W. J. Adie and his “pyknolepsy,” a century ago

Abstract

ABSTRACT On November 8, 1923, William John Adie described an unusual disorder to the Section of Neurology of the Royal Society of Medicine. The condition comprised frequent momentary stereotyped impairments of consciousness that occurred in children, did not respond to antiseizure medications, and did not develop into epilepsy, as that term was then commonly understood, since no convulsive seizures occurred.
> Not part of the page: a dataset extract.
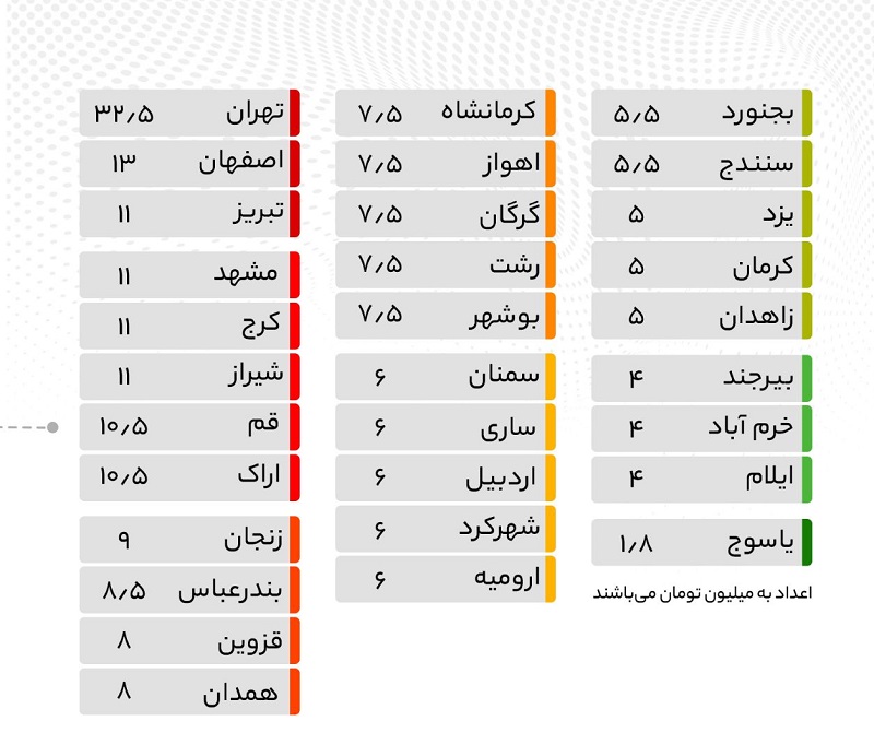 تهران با متوسط قیمت بیش از ۳۲ میلیون به عنوان بیشترین و یاسوج با متوسط قیمت یک میلیون و ۸۰۰ هزار تومان به عنوان کمترین متوسط قیمت مسکن در کشور شناخته می شوند.

After some time, the episodes terminated spontaneously, leaving the sufferer unhandicapped and neurologically intact. Almost certainly, Adie had described the present-day entity of childhood absence epilepsy. He termed it “pyknolepsy,” knowing that the name “pyknolepsie” had been used for a similar disorder in Germany from 1916 onwards, though not reported elsewhere. Following Adie’s account, published in 1924, reports of the disorder appeared in the English and French-language literature and continued to be published in German. It became increasingly accepted that pyknolepsy was a form of epilepsy that was part of Lennox’s petit mal triad. The word pyknolepsy itself never became widely used and is now largely forgotten. Adie never took up the topic in print again. However, he had awakened English-language readers to one component in a broadening of the concept of what constituted epilepsy.